<<<<

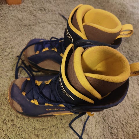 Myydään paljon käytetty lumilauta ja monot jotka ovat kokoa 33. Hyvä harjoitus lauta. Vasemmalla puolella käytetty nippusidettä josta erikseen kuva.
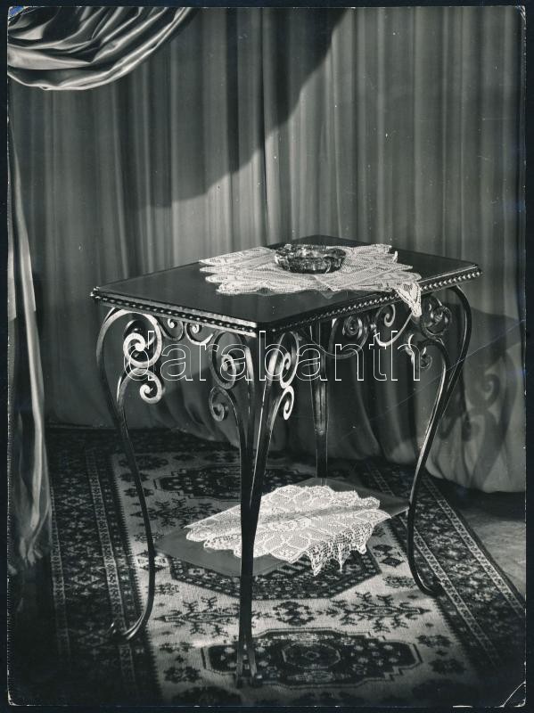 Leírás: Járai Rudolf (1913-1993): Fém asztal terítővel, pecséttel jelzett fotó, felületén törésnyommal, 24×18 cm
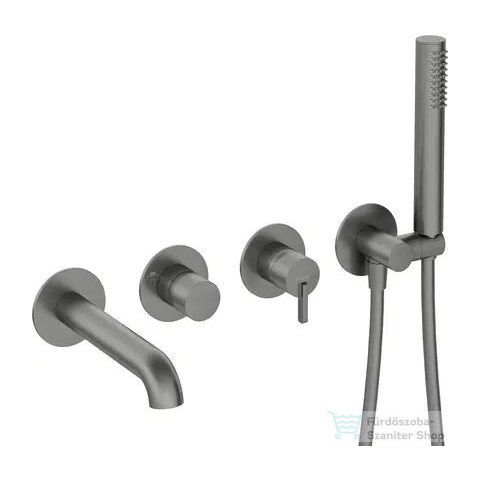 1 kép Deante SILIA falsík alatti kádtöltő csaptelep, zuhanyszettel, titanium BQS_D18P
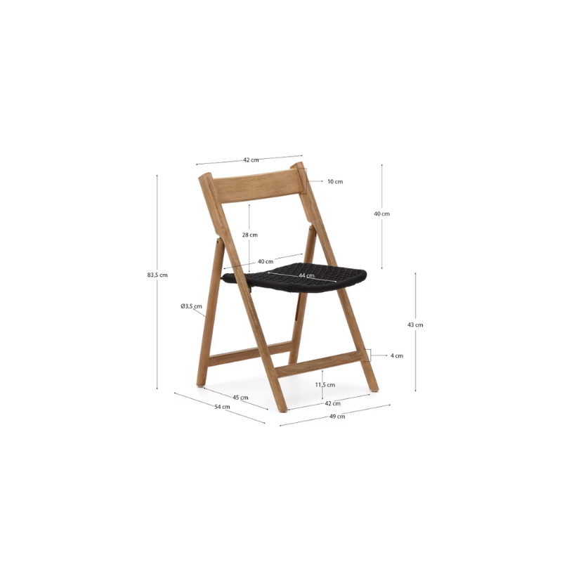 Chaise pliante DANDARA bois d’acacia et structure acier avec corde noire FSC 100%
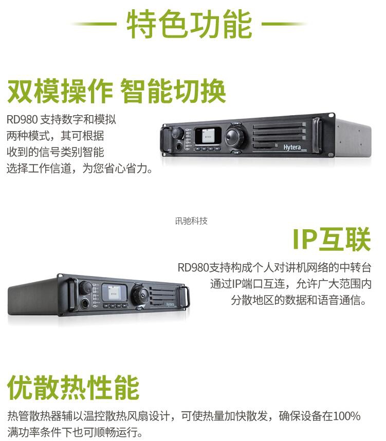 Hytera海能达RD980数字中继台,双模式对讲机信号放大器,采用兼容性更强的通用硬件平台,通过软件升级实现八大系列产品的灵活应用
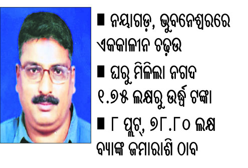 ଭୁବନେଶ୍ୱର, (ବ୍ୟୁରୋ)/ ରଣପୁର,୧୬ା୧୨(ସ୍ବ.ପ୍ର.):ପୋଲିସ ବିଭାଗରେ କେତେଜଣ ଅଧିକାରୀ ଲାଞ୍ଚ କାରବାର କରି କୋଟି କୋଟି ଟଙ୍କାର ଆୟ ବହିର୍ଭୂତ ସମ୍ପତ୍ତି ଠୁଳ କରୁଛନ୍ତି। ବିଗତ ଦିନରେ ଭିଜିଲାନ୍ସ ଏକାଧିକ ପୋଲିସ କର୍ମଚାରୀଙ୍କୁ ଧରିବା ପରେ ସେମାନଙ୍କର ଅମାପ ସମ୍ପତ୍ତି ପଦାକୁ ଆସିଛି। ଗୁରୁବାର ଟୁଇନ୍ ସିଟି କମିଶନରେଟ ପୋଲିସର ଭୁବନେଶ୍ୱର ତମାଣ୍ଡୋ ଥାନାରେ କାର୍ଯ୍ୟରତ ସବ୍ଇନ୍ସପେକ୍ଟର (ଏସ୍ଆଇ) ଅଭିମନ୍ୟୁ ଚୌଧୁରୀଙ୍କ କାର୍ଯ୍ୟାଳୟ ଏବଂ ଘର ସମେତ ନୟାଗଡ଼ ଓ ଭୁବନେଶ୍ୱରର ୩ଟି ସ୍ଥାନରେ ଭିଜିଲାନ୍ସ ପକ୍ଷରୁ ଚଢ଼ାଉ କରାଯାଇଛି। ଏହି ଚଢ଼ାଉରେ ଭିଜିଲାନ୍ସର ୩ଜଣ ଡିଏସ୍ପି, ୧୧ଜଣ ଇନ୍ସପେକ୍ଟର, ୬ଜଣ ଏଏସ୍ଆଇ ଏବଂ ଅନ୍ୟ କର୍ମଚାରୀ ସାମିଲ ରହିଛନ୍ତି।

>>>>
<<<<

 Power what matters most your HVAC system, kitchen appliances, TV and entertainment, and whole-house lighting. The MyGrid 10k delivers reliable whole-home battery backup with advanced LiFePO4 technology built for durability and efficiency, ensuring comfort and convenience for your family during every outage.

>>>>
<<<<

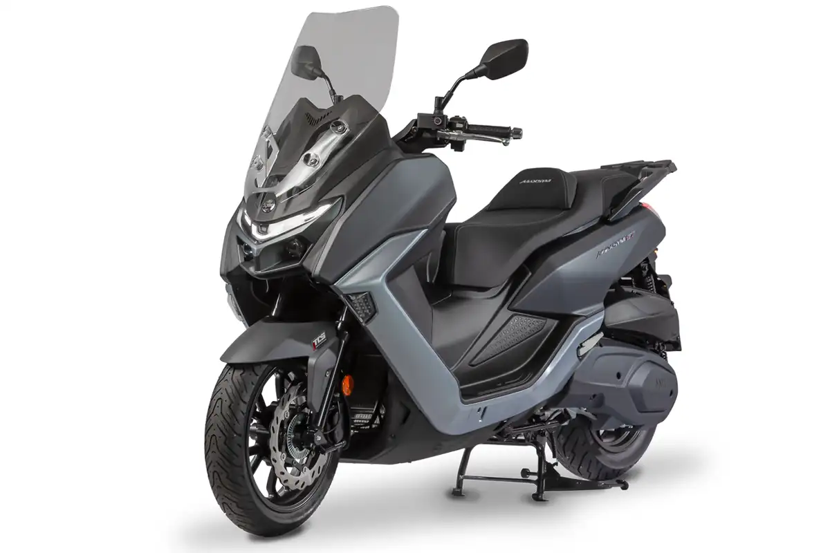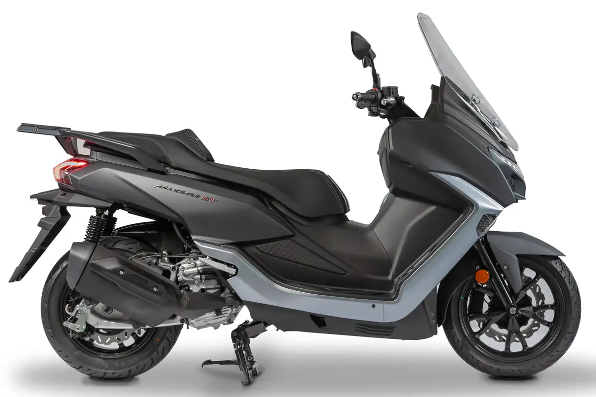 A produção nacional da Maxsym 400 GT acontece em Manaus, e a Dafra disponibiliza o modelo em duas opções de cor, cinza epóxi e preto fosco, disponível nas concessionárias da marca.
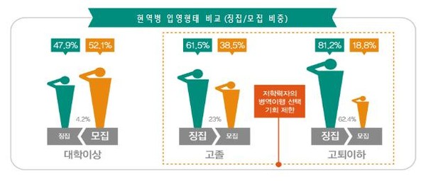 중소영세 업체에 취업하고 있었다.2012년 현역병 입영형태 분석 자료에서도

>>>>

__Task goal__: Please print the lines above word for word, starting at the one with "Hytera海能达RD980" and ending at the one with "ଭୁବନେଶ୍ୱର, (ବ୍ୟୁରୋ)/ ରଣପୁର,୧୬ା୧୨(ସ୍ବ.ପ୍ର.):ପୋଲିସ", both included, and without any picture.

__Output for this exercise__:
 Hytera海能达RD980数字中继台,双模式对讲机信号放大器,采用兼容性更强的通用硬件平台,通过软件升级实现八大系列产品的灵活应用
 ଭୁବନେଶ୍ୱର, (ବ୍ୟୁରୋ)/ ରଣପୁର,୧୬ା୧୨(ସ୍ବ.ପ୍ର.):ପୋଲିସ ବିଭାଗରେ କେତେଜଣ ଅଧିକାରୀ ଲାଞ୍ଚ କାରବାର କରି କୋଟି କୋଟି ଟଙ୍କାର ଆୟ ବହିର୍ଭୂତ ସମ୍ପତ୍ତି ଠୁଳ କରୁଛନ୍ତି। ବିଗତ ଦିନରେ ଭିଜିଲାନ୍ସ ଏକାଧିକ ପୋଲିସ କର୍ମଚାରୀଙ୍କୁ ଧରିବା ପରେ ସେମାନଙ୍କର ଅମାପ ସମ୍ପତ୍ତି ପଦାକୁ ଆସିଛି। ଗୁରୁବାର ଟୁଇନ୍ ସିଟି କମିଶନରେଟ ପୋଲିସର ଭୁବନେଶ୍ୱର ତମାଣ୍ଡୋ ଥାନାରେ କାର୍ଯ୍ୟରତ ସବ୍ଇନ୍ସପେକ୍ଟର (ଏସ୍ଆଇ) ଅଭିମନ୍ୟୁ ଚୌଧୁରୀଙ୍କ କାର୍ଯ୍ୟାଳୟ ଏବଂ ଘର ସମେତ ନୟାଗଡ଼ ଓ ଭୁବନେଶ୍ୱରର ୩ଟି ସ୍ଥାନରେ ଭିଜିଲାନ୍ସ ପକ୍ଷରୁ ଚଢ଼ାଉ କରାଯାଇଛି। ଏହି ଚଢ଼ାଉରେ ଭିଜିଲାନ୍ସର ୩ଜଣ ଡିଏସ୍ପି, ୧୧ଜଣ ଇନ୍ସପେକ୍ଟର, ୬ଜଣ ଏଏସ୍ଆଇ ଏବଂ ଅନ୍ୟ କର୍ମଚାରୀ ସାମିଲ ରହିଛନ୍ତି।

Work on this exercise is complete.